Of course, something that just misses with my needs or expectations could be perfect for someone else. With this particular product, the PrismIQ MediaPlayer, I'm definitely the odd man out. Dig_It, CNET, and TechTV all named PrismIQ the "Best of CES 2003." But then, those accolades were published within about a week of the show. I'd guess they weren't based on much hands-on experience.
Believe me, I had a lot of that. Much of it was positive and some of the negatives might not have been the fault of the PrismIQ system itself.

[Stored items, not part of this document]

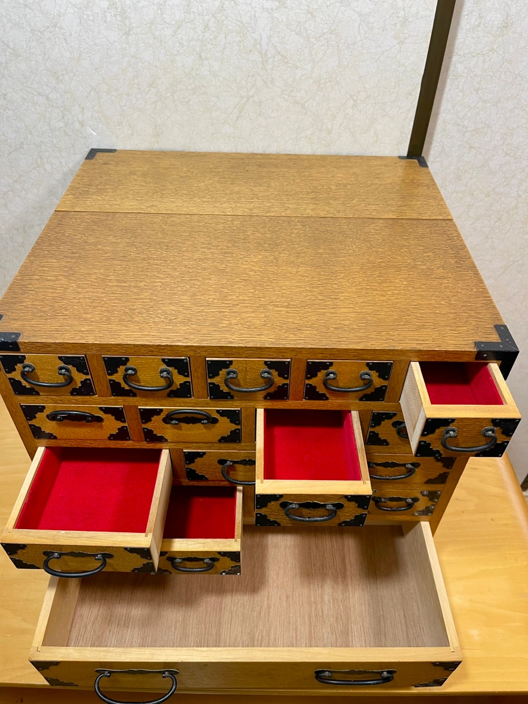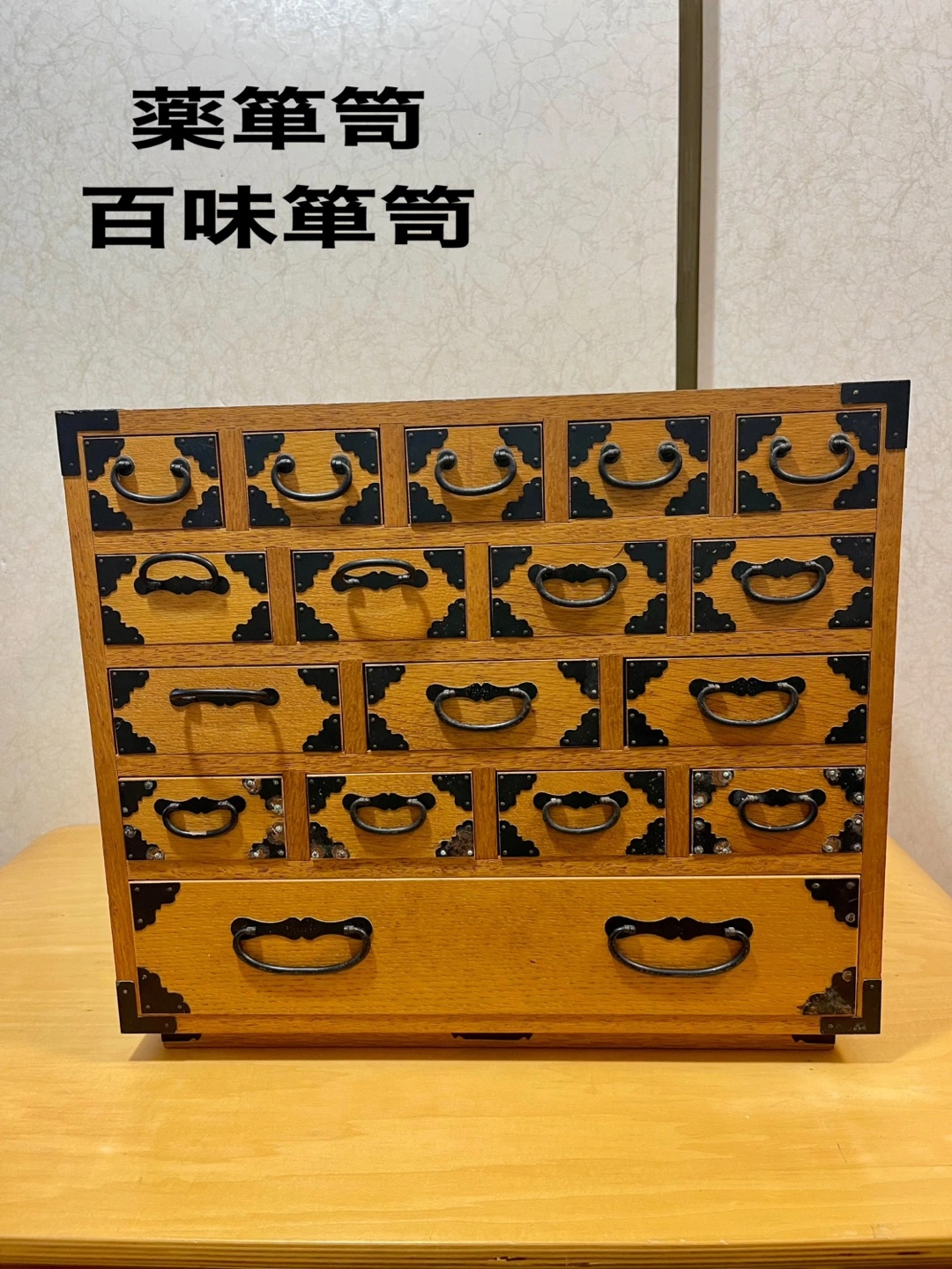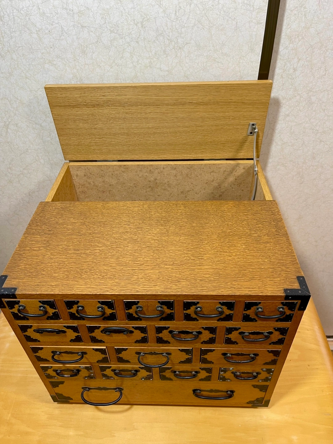 実家の処分に伴いこちらに出品致しました。 後側は約16cmの奥行きで縦に入れる収納になっています。 その残りが引き出しの奥行きになります。 殆ど使用して無かったので、内部はかなり綺麗です。 外観は多少の傷や金具の塗装の剥がれた箇所がございますので、写真を拡大してご確認をお願い致します。 使用されている木材の種類は近所方に楢(ナラ)では無いかと言われました。 以下参考 楢木について https://www.google.com/gasearch?q=%E6%A5%A2%E6%9C%A8&source=sh/x/gs/m2/5 お取引は夜でも可能です。 お取引場所は基本取りに来て頂きますので、駅での受け渡しもしておりません。 重量的には女性でも持てる重さです。しかし、嵩張るので車でお越し頂く事がベストだと思います。 プラス千円でお届けも可能ですが、 距離次第です。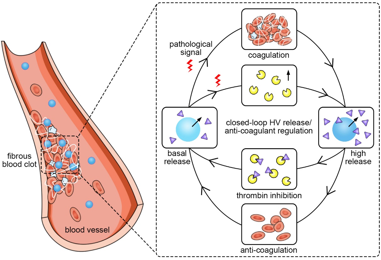 血栓是心腦血管疾病的重要誘因,凝血酶在血栓形成過程中發揮著重要作用。水蛭素是迄今為止發現的最強的天然凝血酶抑制劑。不同于肝素,天然/重組水蛭素通過與凝血酶發生特異性結合,形成穩定的復合物,抑制凝血酶的活性,發揮抗血栓作用。并且水蛭素對血小板作用弱,不會引發肝素誘導的血小板減少癥等不良反應。但作為肽/蛋白類生物藥物,水蛭素存在體內易被酶解,半衰期短,生物利用低等缺陷,并且臨床應用伴有出血風險。為此,課題組構建了“自調式”納米凝膠系統用于水蛭素的高效遞送。該納米凝膠提高了水蛭素的體內穩定性和生物利用度,并可“感受”體內凝血酶濃度的變化響應性釋放負載的水蛭素,形成“閉環式”釋藥行為,高效調控釋藥量,提高水蛭素的抗血栓作用,并降低出血等不良反應。該研究豐富了肽/蛋白類生物藥物的高效遞送技術,為血栓類疾病的治療提供了新策略。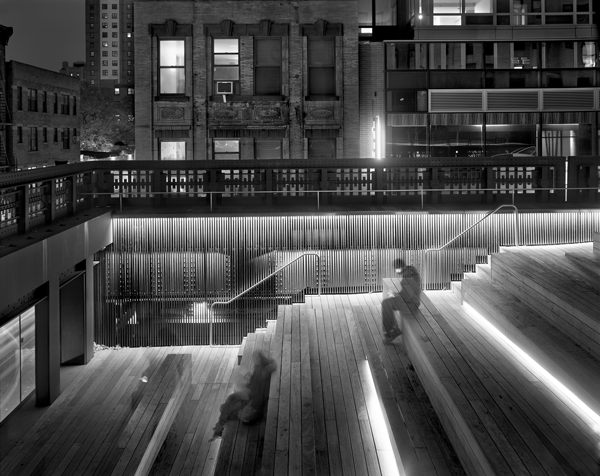 “Sitting on the High Line” adds a new perspective to one of New York’s most popular and iconic destinations. Shooting at night, Pillsbury creates a new cityscape by using the sunken overlook at West 17th Street and the buildings behind them as a stage. The long exposure makes the two people sitting on the steps transparent, while the two (look closely for them) in the first row are ghost-like. One or two ghostly figures seem barely visible in the facing windows. The night setting and the graphic effect created by the crisscrossing lines enhance the image’s strength. It’s one of my favorites.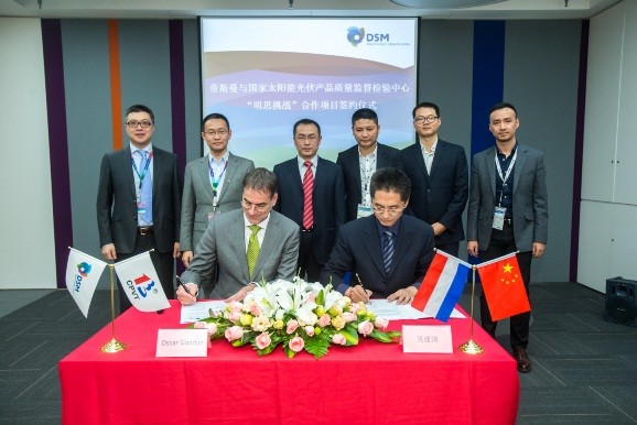 帝斯曼先進(jìn)表面副總裁Oscar Goddijn與國(guó)家太陽(yáng)能光伏產(chǎn)品質(zhì)量監(jiān)督檢驗(yàn)中心吳建國(guó)主任“明思挑戰(zhàn)”簽約現(xiàn)場(chǎng)。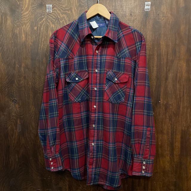 SPARE TIME アクリル 長袖 チェックシャツ Lサイズ アメリカ古着 ヨーク切り替えです。 アメリカのアパレルブランド、SPARE TIMEのアクリル素材長袖チェックシャツ。 アクリルウール100%のチクチクさを感じない着やすい質感。 レッド×ネイビー系のチェックが渋めで合わせやすい良い雰囲気。 ヨーク切り替え、トップボタン以外スナップボタン等、ウェスタンシャツのディテールが盛り込まれてます。 サイズ表記はL表記です。 実寸は肩幅50cm 身幅(脇下測定)62cm 着丈(襟付け根から) 79cm 袖丈60cmです。 右ポケット付近にペンキ汚れ有り。 両脇下のステッチほつれ有り。 保管時についたシワや毛玉など使用感は御座いますが着用に支障をきたすようなダメージは御座いません。 当商品は古着となります。 サイズや状態などご不明点等あれば、お気軽にお問い合わせください。 #アメリカ古着 #us古着 #チェックシャツ #ウールシャツ #ネルシャツ #長袖シャツ #ビンテージ古着 #アクリルシャツ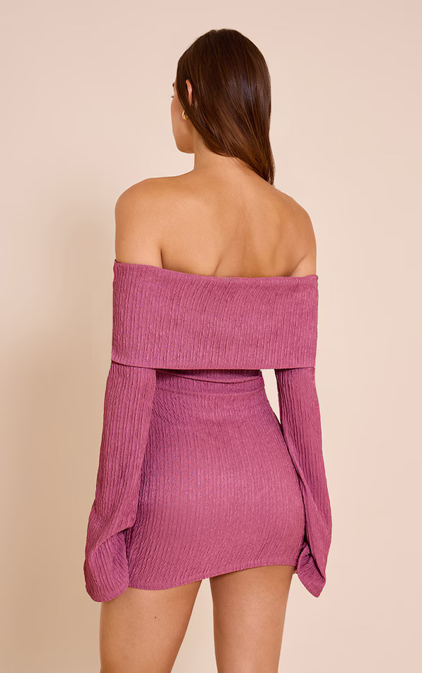 Mauve Textured Bardot Long Sleeve Bodycon Dress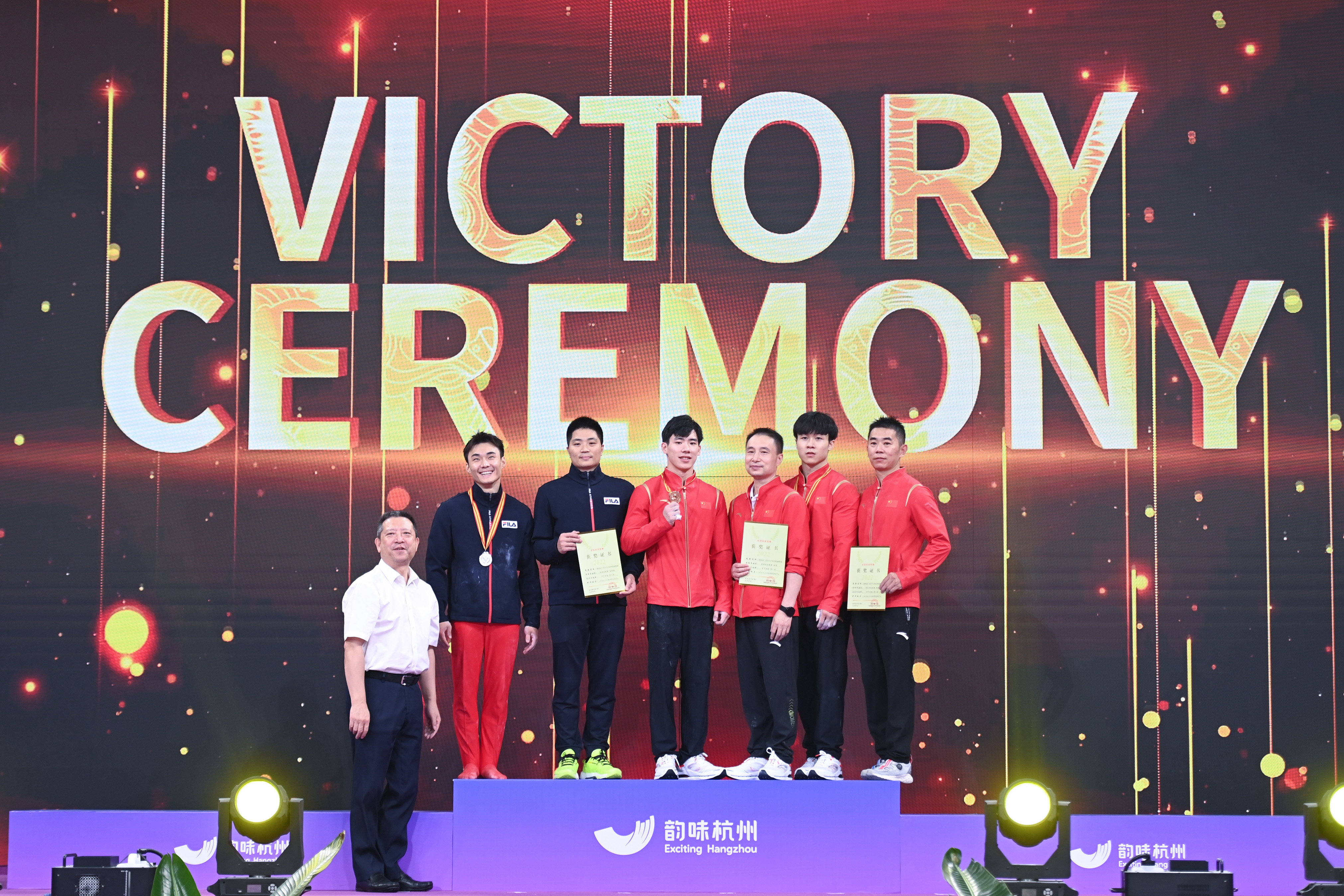 9月6日,冠军张博恒(右四)在颁奖仪式上。新华社记者 黄宗治 摄
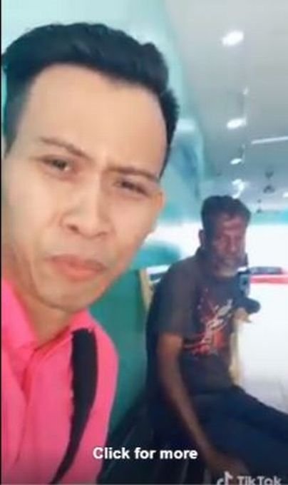 SEORANG lelaki melalui akaun TikTok miliknya yang menggunakan nama 'Teh Tarik' dilihat sedang duduk di bangku sebuah kedai dobi dan di belakangnya kelihatan seorang lelaki tua.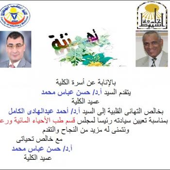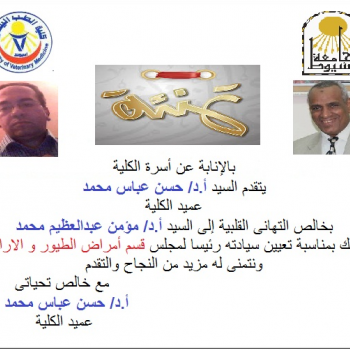 Congratulations to Mr. / Mo'men Azim MohamedOn the occasion of his appointment as Chairman of the Board of the Department of bird and rabbit diseases
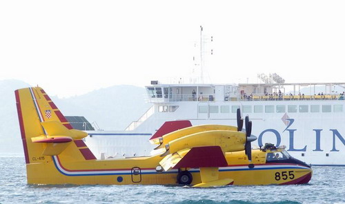 "Canadair" je neko vrijeme kružio iznad stare zadarske jezgre, a nakon slijetanja, po pilota je poslan brod. Zbog kvara pilot je morao sletjeti u more, za što je dobio dozvolu policije.

The positive part was the fun of beaming MP3 music files from a computer on the second floor to the audio system on the first. The TV screen presented the menu that I had previously established at the PC. The remote did its job neatly and the sound was surprisingly good, certainly the equivalent of MP3-encoded CDs played directly with the DVD player, or WAV-from-MP3 audio CDs played on a regular CD deck.
In this whole experience, by the way, I found that the very worst way to listen was through computer sound card outputs. Noise and distortion hit levels I haven't been called upon to tolerate since calling off my visits to the weight room at Pit Bull Gym. Don't consider for a minute running interconnects from your computer to your audio system. Get the music out of your computer while still in digital form. Convert it to analog at or near its destination.
Getting back to the PrismIQ MediaPlayer, if the sound quality was good and the operability was decent, what was the problem? Well, there were a few.
The first was similar to what I experienced with the Neuros and what apparently is common with media management and playing software. The cataloging software ignores the structures you've created among your music files and slams all the filenames together in one big list.